### WHAT THE TASK ASKS
Write the data out again exactly, with every picture removed.

=== Begin Enclosure ===

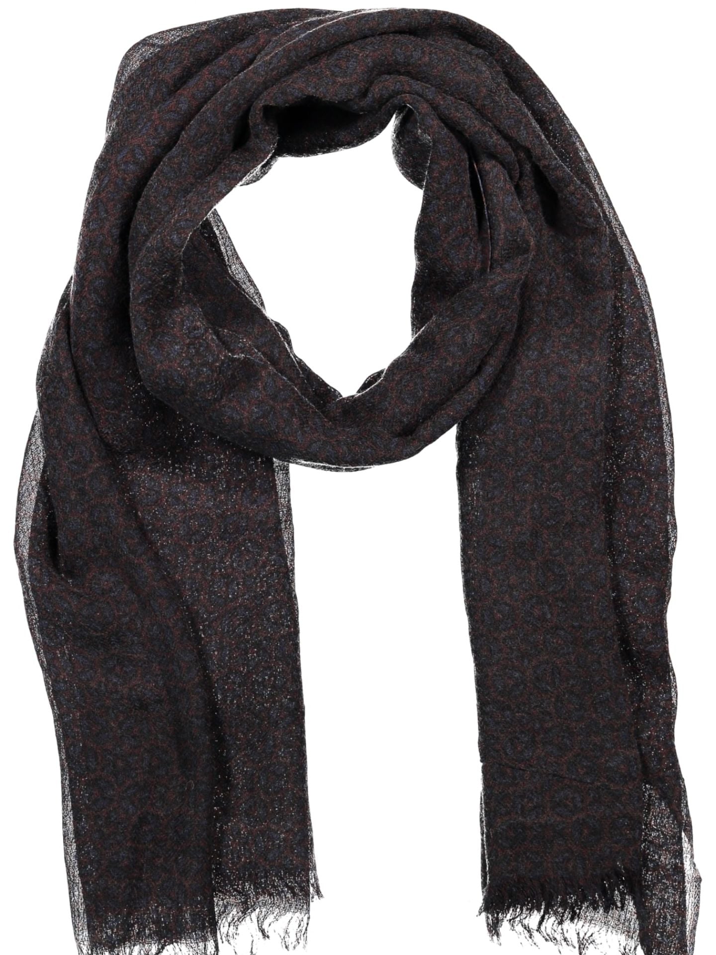 Echarpe castanha estampada. Confortável e aconchegante, ideal para os dias mais frios de inverno.
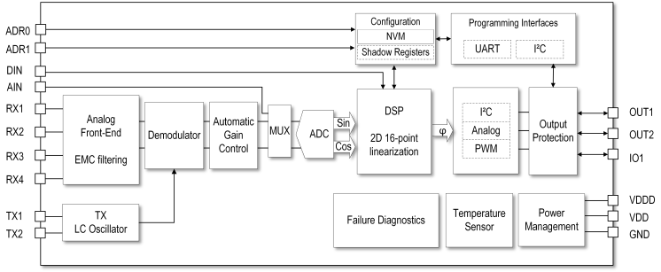 RAA2P4200 是一款工业级无磁电感式位置传感器 IC,可支持 旋转、线性或弧形 位置检测。 该器件以电涡流效应为工作原理,通过检测在线圈组(由一根发射线圈和两根接收线圈组成)上方移动的简易金属目标的位置实现定位。
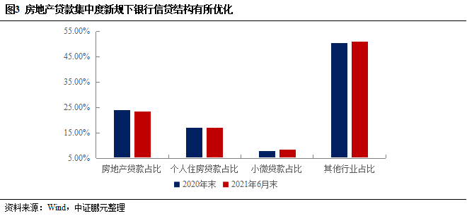 (1)房地產貸款集中度監管政策實施較為有效,商業銀行集中度超標情況有所好轉,信貸結構有所優化。自2020年末房地產集中度管理制度實施以來,截至2021年6月末,原39家上市銀行中有28家銀行房地產貸款集中度指標出現一定程度下降,平均房地產貸款占比下降0.46個百分點。另一方面,銀行新增信貸資金更多投向小微企業和非房地產領域,信貸結構有所優化。
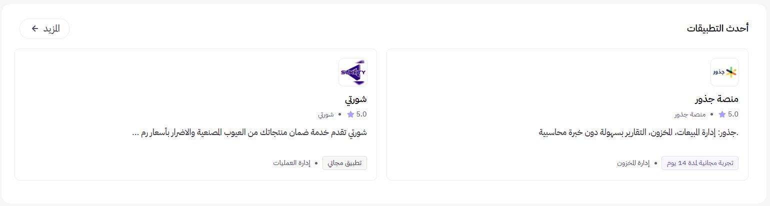 يوفر حلول زد مقترحات مختارة لتطبيقات تساعدك في نمو تجارتك ورفع كفاءة متجرك التشغيلية حسب حاجتك.
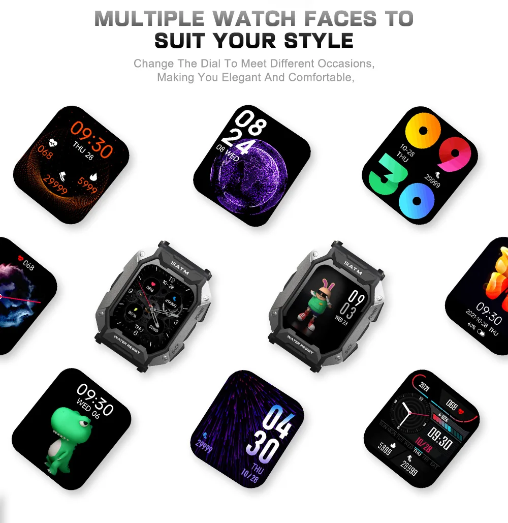 Несколько циферблатов часов, несколько спортивных режимов (ходьба, бег, Велоспорт и т. д.)
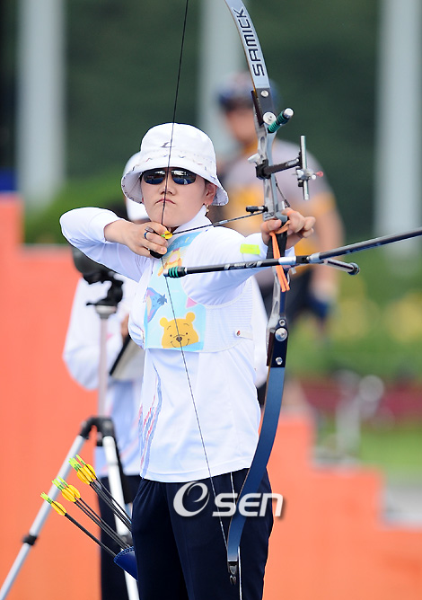 [OSEN=베이징, 올림픽취재반] 박성현(25, 전북도청)이 중국의 텃세 속에 개인전서 은메달에 머물렀다. 세계랭킹 2위 박성현은 14일 베이징올림픽 그린양궁장에서 열린 결승전에서 한국의 주현정과 윤옥희를 잇따라 꺾고 올라온 세계랭킹 6위 중국의 장주안주안에 109-110으로 패해 2관왕 2연패에 실패했다.. 동시에 한국은 양궁이 처음으로 정식종목이 된 지난 1984년 LA 올림픽 이후 여자 개인전 7연패 달성이 좌절됐다. 박성현은 8강전에서 일본으로 귀화한 하야카라 나미(한국명 엄혜랑)를 꺾은 뒤 4강전에서 북한의 권은실을 물리치고 결승에 올라 왔지만 홈 관중의 응원속에 중국 장주안주안에게 1점차로 패하고 말았다. 장주안주안은 8강전에서 주현정을 물리친 뒤 4강전에서 윤옥희도 이기고 올라와 한국 선수들을 모조리 꺾고 금메달을 목에 거는 기염을 토했다. 4강전에서 중국의 장주안주안에게 109-115로 패한 세계랭킹 1위 윤옥희(23, 예천군청)는 3,4위 결정전에서 북한의 권은실을 109-106으로 물리치고 동메달을 목에 걸었다. 세계랭킹 11위 주현정(25, 현대모비스)은 중국의 장주안주안에게 101-106으로 패하며 4강 진출에 실패했다. 바람이 부는 가운데 많은 비가 쏟아지면서 주현정은 1, 2엔드에서 6점을 두 번 쏘고 7점도 기록하며 점수차가 벌어져 뒤집지 못하고 패했다. 박성현.
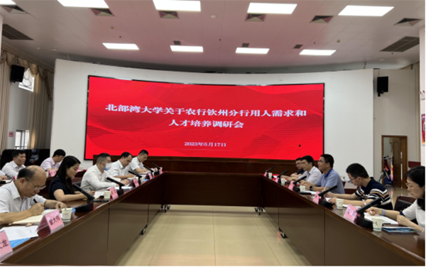 钦州市区农村信用合作联社和中国农业银行钦州分行的负责人分别介绍了本单位的组织架构、服务定位、业务经营情况、人才招聘方式及人才培养机制,并对我校在企校友的发展概况做了简要介绍。企业相关负责人纷纷表示,感谢学校长期以来为企业输送了大量优质人才,希望以此调研为契机,校企双方发挥各自优势特色,在应用型人才培养等方面建立深入、稳定、全面的合作关系,共同助力校企双方高质量发展。
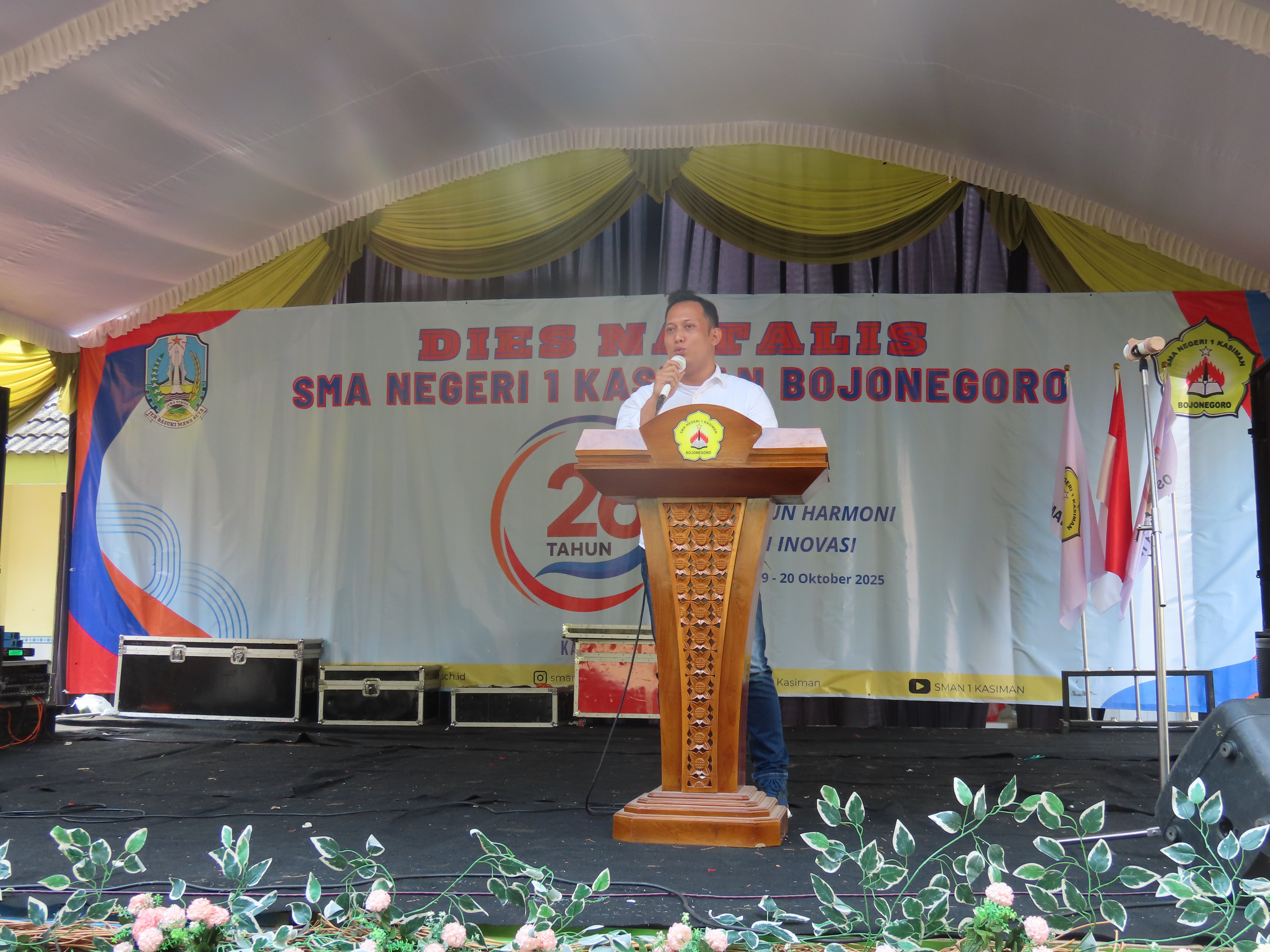 Kepala SMAN 1 Kasiman, Ibu Ninis Aris Wibawati, S.Pd., M.Pd, dalam sambutannya menekankan rasa syukur dan harapan besar untuk masa depan. "Hari ini adalah momentum kita untuk bisa berkembang menjadi lebih baik di usia 26 tahun adalah momentum kita untuk bisa berkembang menjadi lebih baik. Selama 26 tahun kita berproses dan ada hasilnya. Haqqul yakin bahwasanya peserta didik SMAN 1 Kasiman cerdas dan bisa berbuat sebaik – baiknya," ujar beliau, diikuti tepuk tangan meriah dari seluruh hadirin.
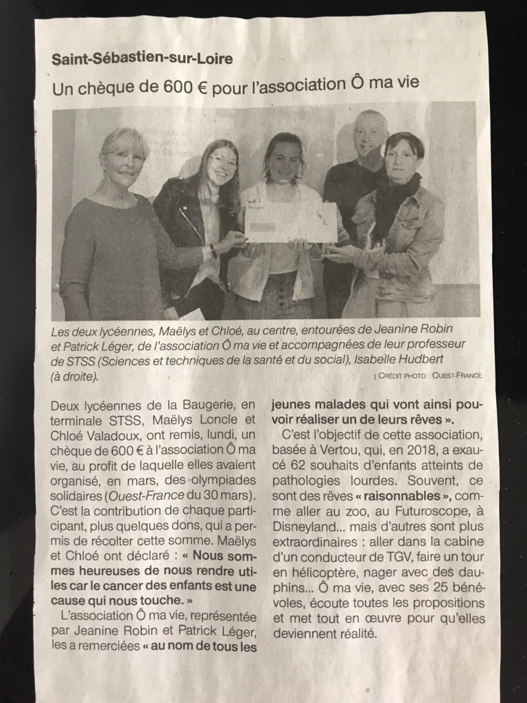 remise de chèque par Maëlys et Chloé du lycée de La baugerie

=== End Enclosure ===

### ANSWER FOR THIS EXERCISE
 Echarpe castanha estampada. Confortável e aconchegante, ideal para os dias mais frios de inverno.
 RAA2P4200 是一款工业级无磁电感式位置传感器 IC,可支持 旋转、线性或弧形 位置检测。 该器件以电涡流效应为工作原理,通过检测在线圈组(由一根发射线圈和两根接收线圈组成)上方移动的简易金属目标的位置实现定位。
 (1)房地產貸款集中度監管政策實施較為有效,商業銀行集中度超標情況有所好轉,信貸結構有所優化。自2020年末房地產集中度管理制度實施以來,截至2021年6月末,原39家上市銀行中有28家銀行房地產貸款集中度指標出現一定程度下降,平均房地產貸款占比下降0.46個百分點。另一方面,銀行新增信貸資金更多投向小微企業和非房地產領域,信貸結構有所優化。
 يوفر حلول زد مقترحات مختارة لتطبيقات تساعدك في نمو تجارتك ورفع كفاءة متجرك التشغيلية حسب حاجتك.
 Несколько циферблатов часов, несколько спортивных режимов (ходьба, бег, Велоспорт и т. д.)
 [OSEN=베이징, 올림픽취재반] 박성현(25, 전북도청)이 중국의 텃세 속에 개인전서 은메달에 머물렀다. 세계랭킹 2위 박성현은 14일 베이징올림픽 그린양궁장에서 열린 결승전에서 한국의 주현정과 윤옥희를 잇따라 꺾고 올라온 세계랭킹 6위 중국의 장주안주안에 109-110으로 패해 2관왕 2연패에 실패했다.. 동시에 한국은 양궁이 처음으로 정식종목이 된 지난 1984년 LA 올림픽 이후 여자 개인전 7연패 달성이 좌절됐다. 박성현은 8강전에서 일본으로 귀화한 하야카라 나미(한국명 엄혜랑)를 꺾은 뒤 4강전에서 북한의 권은실을 물리치고 결승에 올라 왔지만 홈 관중의 응원속에 중국 장주안주안에게 1점차로 패하고 말았다. 장주안주안은 8강전에서 주현정을 물리친 뒤 4강전에서 윤옥희도 이기고 올라와 한국 선수들을 모조리 꺾고 금메달을 목에 거는 기염을 토했다. 4강전에서 중국의 장주안주안에게 109-115로 패한 세계랭킹 1위 윤옥희(23, 예천군청)는 3,4위 결정전에서 북한의 권은실을 109-106으로 물리치고 동메달을 목에 걸었다. 세계랭킹 11위 주현정(25, 현대모비스)은 중국의 장주안주안에게 101-106으로 패하며 4강 진출에 실패했다. 바람이 부는 가운데 많은 비가 쏟아지면서 주현정은 1, 2엔드에서 6점을 두 번 쏘고 7점도 기록하며 점수차가 벌어져 뒤집지 못하고 패했다. 박성현.
 钦州市区农村信用合作联社和中国农业银行钦州分行的负责人分别介绍了本单位的组织架构、服务定位、业务经营情况、人才招聘方式及人才培养机制,并对我校在企校友的发展概况做了简要介绍。企业相关负责人纷纷表示,感谢学校长期以来为企业输送了大量优质人才,希望以此调研为契机,校企双方发挥各自优势特色,在应用型人才培养等方面建立深入、稳定、全面的合作关系,共同助力校企双方高质量发展。
 Kepala SMAN 1 Kasiman, Ibu Ninis Aris Wibawati, S.Pd., M.Pd, dalam sambutannya menekankan rasa syukur dan harapan besar untuk masa depan. "Hari ini adalah momentum kita untuk bisa berkembang menjadi lebih baik di usia 26 tahun adalah momentum kita untuk bisa berkembang menjadi lebih baik. Selama 26 tahun kita berproses dan ada hasilnya. Haqqul yakin bahwasanya peserta didik SMAN 1 Kasiman cerdas dan bisa berbuat sebaik – baiknya," ujar beliau, diikuti tepuk tangan meriah dari seluruh hadirin.
 remise de chèque par Maëlys et Chloé du lycée de La baugerie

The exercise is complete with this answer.